= Karl Faymonville =

German art historian

Karl Faymonville (31 August 1875 – after 1927) was a German art historian.

== Life and career ==
Born in Aachen, Faymonville, son of the factory owner Johannes Faymonville, attended a grammar school in Aachen. He studied art history and architecture at the Polytechnische Schule zu Aachen (1894–96), the University of Karlsruhe (TH) (1896-97), the Technical University of Munich and the Ludwig-Maximilians-Universität München (1897–98). From 1898, he studied at the Ruprecht Karl University of Heidelberg, where he received his doctorate in 1899. He became a member of the Corps Marko-Guestphalia Aachen in Aachen. From 1906 onwards, he worked for the inventory of the Rhenish art monuments and published, among others, the volumes on Aachen for Die Kunstdenkmäler der Rheinprovinz.

== Publications ==
- Die Purpurfärberei der verschiedenen Kulturvölker des klassischen Altertums und der frühchristlichen Zeit.

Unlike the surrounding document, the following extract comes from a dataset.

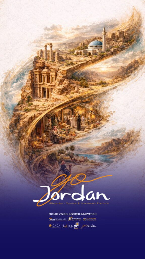 Go Jordan هي منصة وطنية رقمية شاملة للسياحة والاستثمار، تم تطويرها لتكون الدليل الإلكتروني التفاعلي للأردن، وواجهة موحّدة تجمع الجهود التسويقية والترويجية تحت مظلة واحدة، وبحملة متكاملة تخاطب العالم بلغة عصرية ومؤثرة.

Beschreibung und Abbildung der verschiedenen Arten, scalae, des Purpurs, desgleichen von heute noch erhaltenen gemusterten Purpurgeweben im Abendlande. Dissertation, Ruprecht-Karls-Universität Heidelberg, 1900. (with résumé)
- Zur Kritik der Restauration des Aachener Münsters. Beschreibende Darstellung der ältesten Abbildungen seines Inneren. Aachener Verlags- und Druckerei-Gesellschaft, Aachen 1904. (MDZ München)
- Der Dom zu Aachen und seine liturgische Ausstattung vom 9. bis zum 20. Jahrhundert. Kunstgeschichtliche Studie. Bruckmann, Munich 1909.
- Die Kunstdenkmäler der Stadt Aachen., vol. 10.)
  - Volume 1: Das Münster zu Aachen. (Die Kunstdenkmäler der Rheinprovinz, vol. 10, 1.) Schwann, Düsseldorf 1916.
  - Volume 2: Die Kirchen der Stadt Aachen mit Ausnahme des Münsters. (Die Kunstdenkmäler der Rheinprovinz, vol. 10, 2.) Schwann, Düsseldorf 1922.
  - with Joseph Lauren, Richard Pick, Max Schmid-Burgk) vol. 3: Die profanen Denkmäler und die Sammlungen der Stadt Aachen. (Die Kunstdenkmäler der Rheinprovinz, vol. 10, 3.) Schwann, Düsseldorf 1924.
- Die Kunstdenkmäler des Kreises Monschau. (Die Kunstdenkmäler der Rheinprovinz, vol. 11, 1.) Schwann, Düsseldorf 1927.